Are You There God? It’s Me, Danny.
He never answers me.
I probably use His name more than I use my own, and always endearingly:
“Oh my God”. “Good God”. “Dear God”.
Yet still He stays away from me.
Is it because I have done something in my life that has got up His nose? Then where is the forgiveness? And shouldn’t He at least let me know what it is so that I can apologise for it. Don’t I deserve a second chance?
He expects me to have a blind, unshakable faith in Him without ever having communicated. I couldn’t marry a woman on that basis – we’ve never communicated before but will you marry me? I couldn’t let strangers into my home on that basis – we’ve never communicated but come in and make yourself comfortable. Is that milk with your tea?

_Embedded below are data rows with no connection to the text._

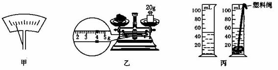 20、小明利用天平、绳子、量筒和水测量某固体的密度,如图所示。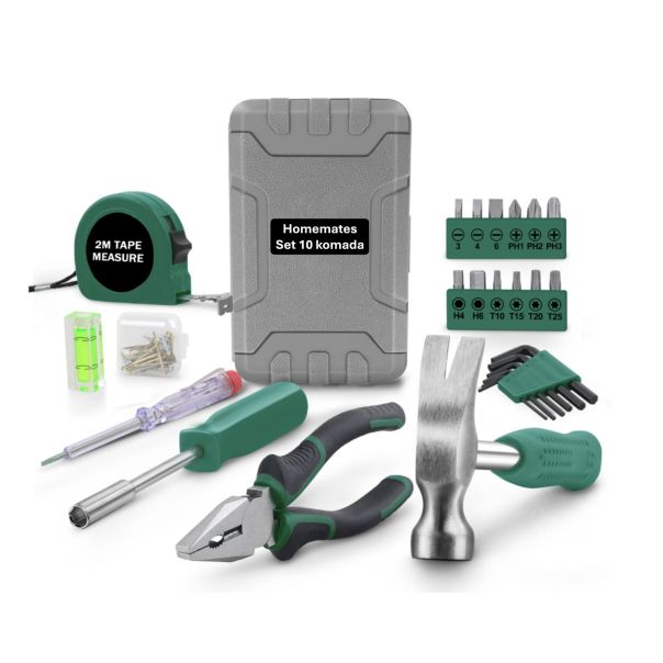 HOMEMATE set ručnih alata 10-u-1 – prenosivi komplet sa kleštima, metrom, šrafcigerima i torbom za odlaganje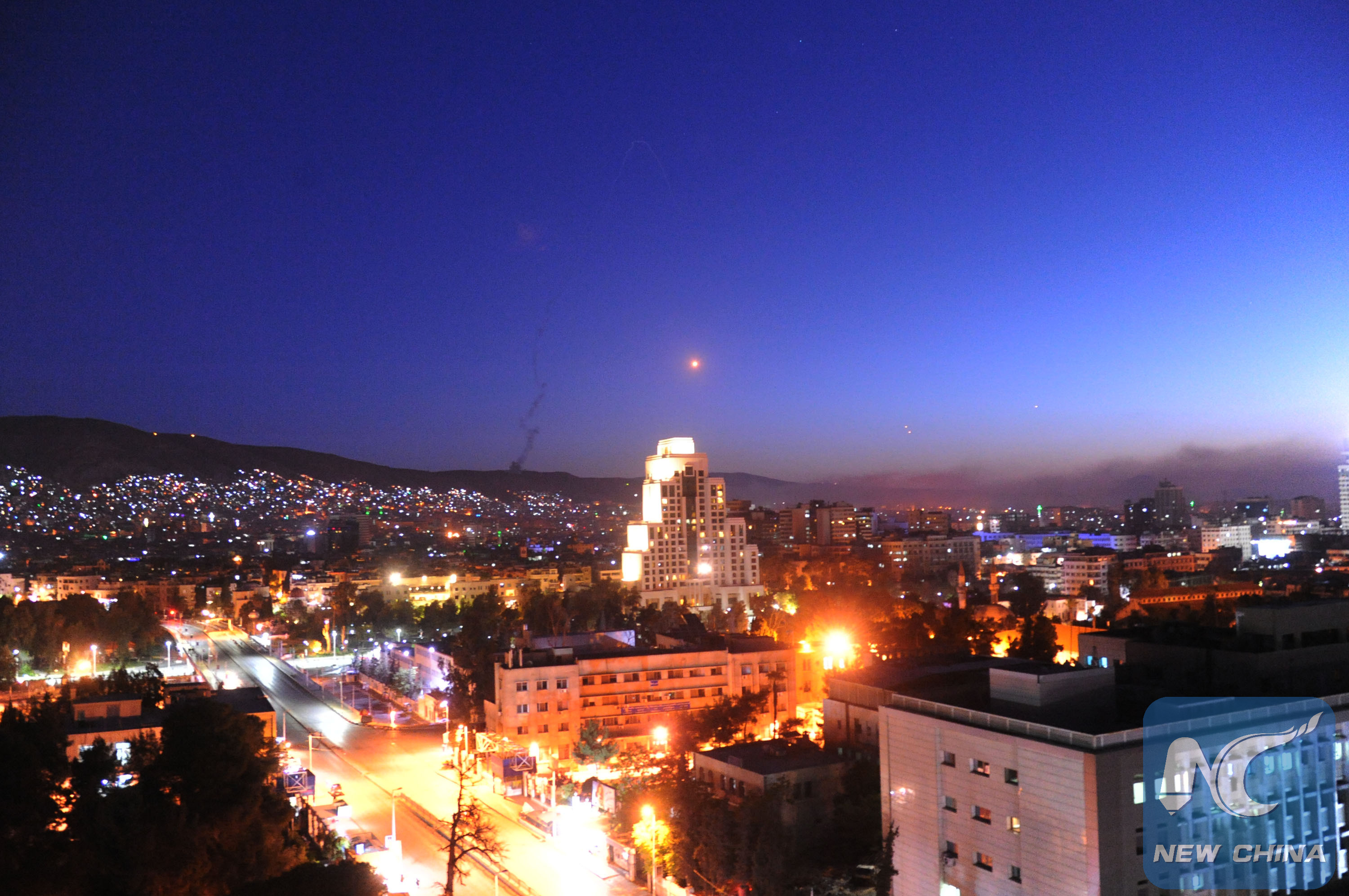 Surface-to-air missiles are seen over Syria's capital Damascus on April 14, 2018, as the Syrian air defenses were responding to U.S. attacks. (Xinhua/Ammar Safarjalani)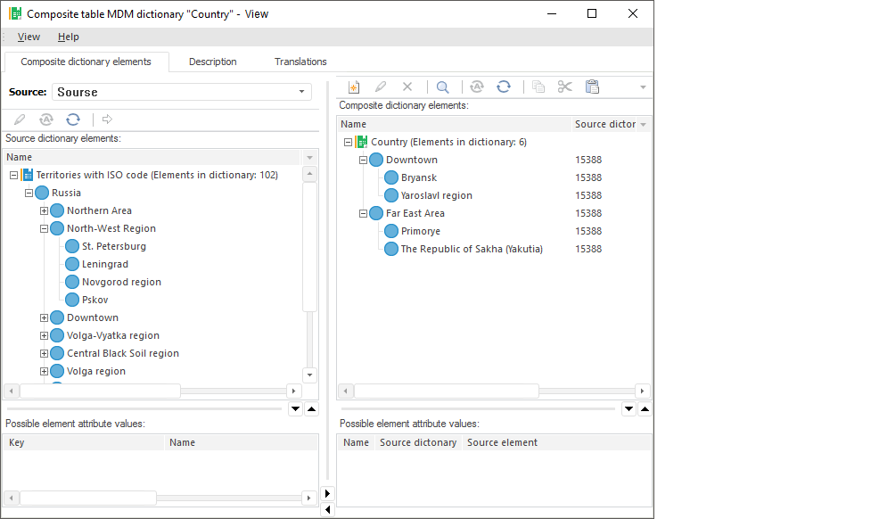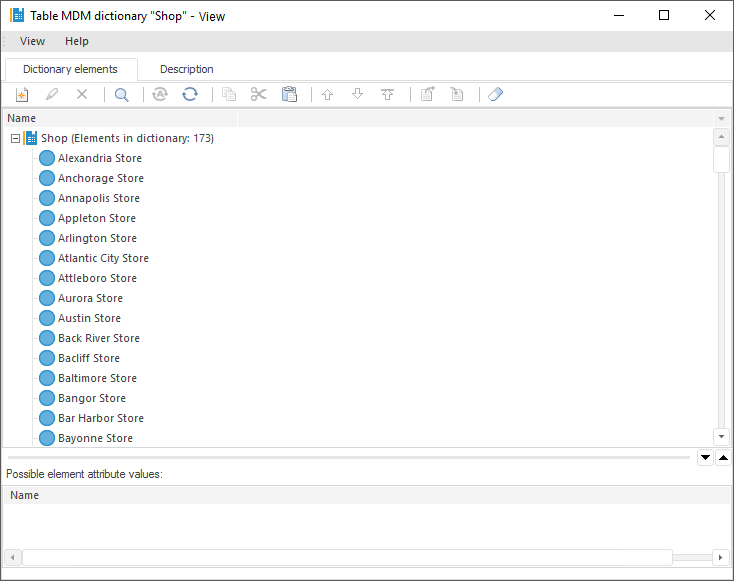 Table MDM Dictionary. The dictionary is used for creating a structured data presentation with possibility of its transformation. Creating a dictionary does not require a data source. Data can be entered manually or loaded from the data source to the dictionary by means of the built-in ETL tools. Dictionary elements may change in time, that is, may have several versions. Table MDM dictionary can be created in any place of repository, not only in the MDM repository. A table MDM dictionary that uses a single table to store data. A table is created automatically on creating a dictionary and is the dictionary child object. The table fields correspond to the dictionary attributes. Creating a table MDM dictionary requires a database to store dictionary data that is located outside the MDM repository: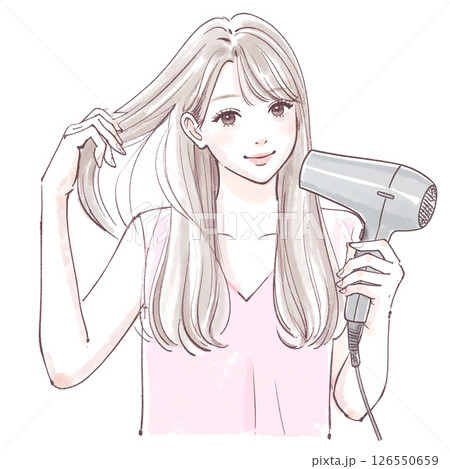 髪を乾かす女性|美容・ライフスタイルイメージ

Maybe you speak to God regularly. Does He speak back to you? What does He say? And what does His voice sound like? Please describe it, because He won’t speak with me.
And who can answer the trillions of questions I have about life, the universe, about everything, if not Him? Yet He refuses to teach me.
People often speak of finding God. Where do I look? In a book? The bible? It isn’t enough – a book. Isn’t the bible merely an interpretation of God and His will? I want… need to hear from God, not other people on His behalf. It’s not enough my mother telling me that my father, although he doesn’t want to see me, loves me all the same – I need to hear that from my father himself or it won’t mean anything.
God isn’t part of my life because He chooses not to be. The absent father I’ve never met. Never spoken with. Never acknowledged by.
It isn’t my fault this time.
But I will keep my door open, in case He ever changes is mind.